When to use this: Any time a conversation needs to span more than one message — follow-up questions, ongoing context, multi-turn conversations.

Basic syntax:

from langgraph.checkpoint.memory import InMemorySaver

agent = create_agent(model="gpt-5-nano", checkpointer=InMemorySaver())

config = {"configurable": {"thread_id": "1"}}
response = agent.invoke({"messages": [...]}, config)

Common patterns:

No checkpointer → every invoke() call is a completely fresh, isolated conversation
Checkpointer + thread_id → conversation history persists across multiple invoke() calls that share the same thread_id
Different thread_id values → completely separate, unrelated conversations, even using the same agent

Gotchas:

⚠️ InMemorySaver keeps history only in your program's memory — it's gone the moment your script ends.

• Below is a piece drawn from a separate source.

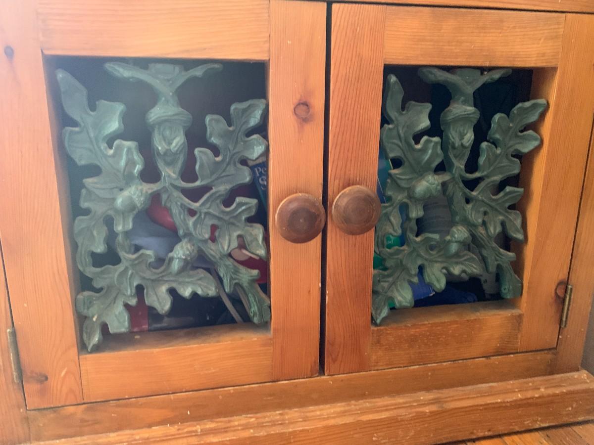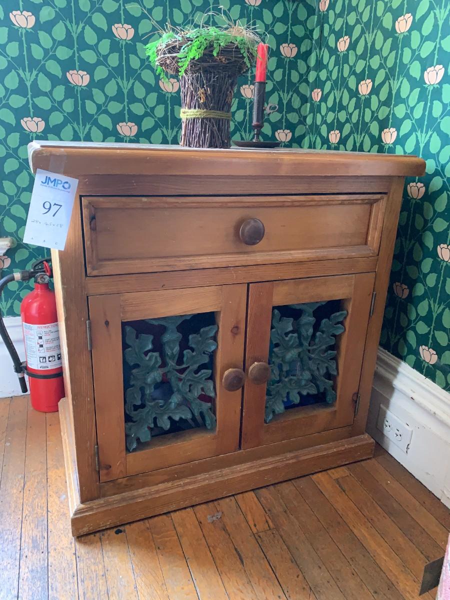 1 Drawer and 2 Door Cabinet with Green Iron Oak Leaf/Acorn Overlay

It's for learning and development, not production persistence.
⚠️ Forgetting to reuse the same thread_id is the most common reason memory "doesn't work."

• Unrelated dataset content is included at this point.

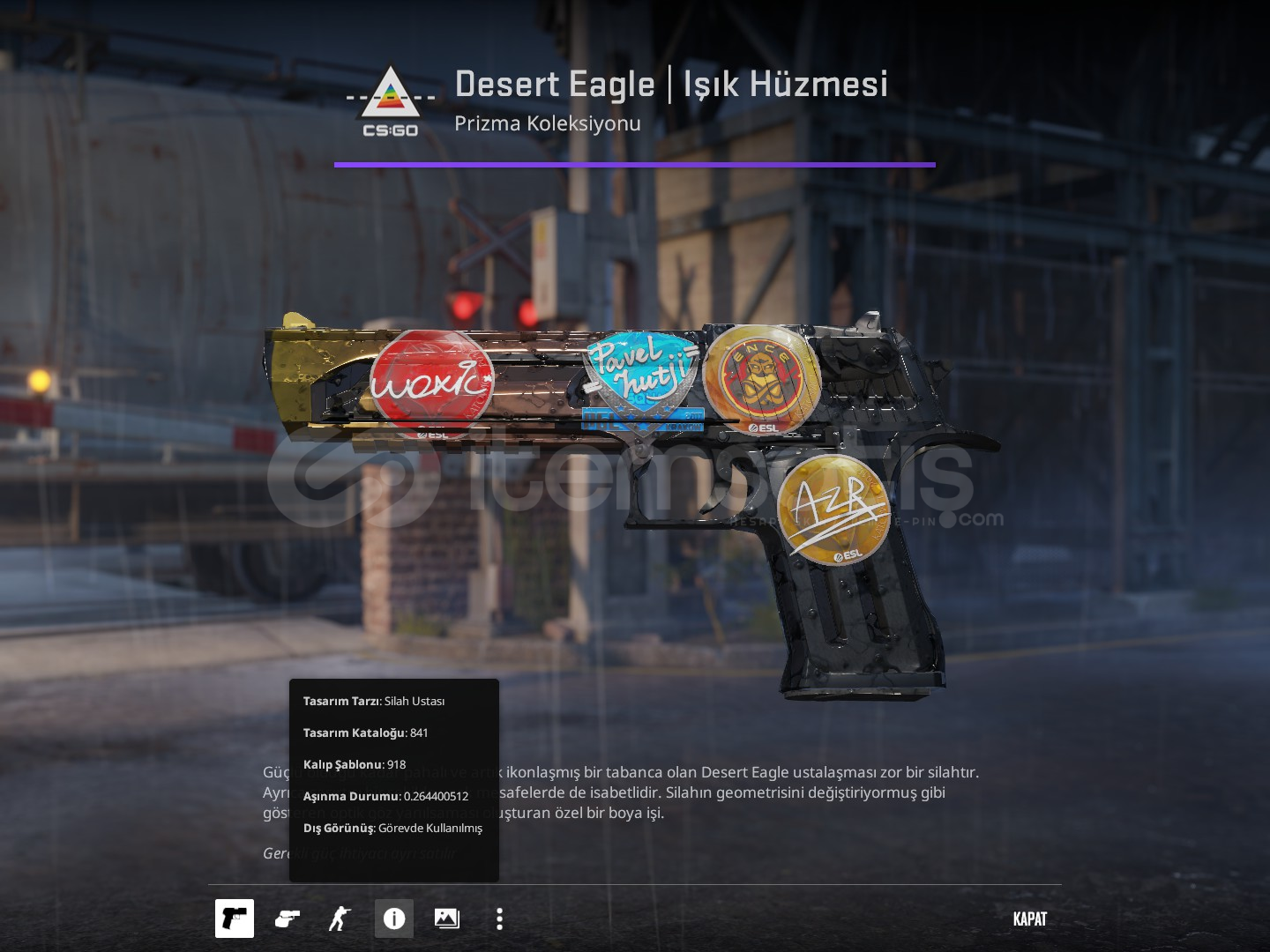 Desert Eagle | Işık HüzmesiDış Görünüş: Görevde Kullanılmış (FT)ÜZERİNDEKİ ÇIKARTMALAR (4):-AZR | Katowice 2019 $0.54ENCE | Katowice 2019 $0.72hutji | Krakov 2017 $3.00woxic | Katowice 2019 $0.83-Toplam: $5.09 ✅ = 214,97 TL/FİYATLAR SÜREKLİ ARTTIGI İÇİN ORTALAMA 5 DOLAR DİYEBİLİRİZ.-+440 BAŞARILI İŞLEM GÜVENCESİ.İlanı...

What You Need to Know First

Everything from Articles 1–3 — create_agent, tools, and how an agent processes a single message
No new API keys are needed for this article

What We'll Cover in This Article

Why agents forget everything by default
What a checkpointer actually does
What a thread_id is and why it matters
How to give Aria real memory across multiple messages

What We'll Explain Along the Way

What "state" means in this context
The difference between memory within a single response and memory across separate calls

Seeing the Problem: No Memory by Default

Let's prove the problem before fixing it. We'll send Aria two completely separate messages and see what happens.

# Purpose: Demonstrate that an agent has no memory between invoke() calls by default
# Context: Establishes the problem before introducing checkpointers
# Input: Two separate messages, sent as two separate invoke() calls
# Output: The second response shows Aria has no idea what was said in the first

from dotenv import load_dotenv
load_dotenv()

from langchain.agents import create_agent
from langchain.messages import HumanMessage

agent = create_agent(model="gpt-5-nano")

# First message: tell Aria something
first_message = HumanMessage(content="Hi, my name is Julie and I prefer short, direct email replies.")
response_one = agent.invoke({"messages": [first_message]})
print(response_one["messages"][-1].content)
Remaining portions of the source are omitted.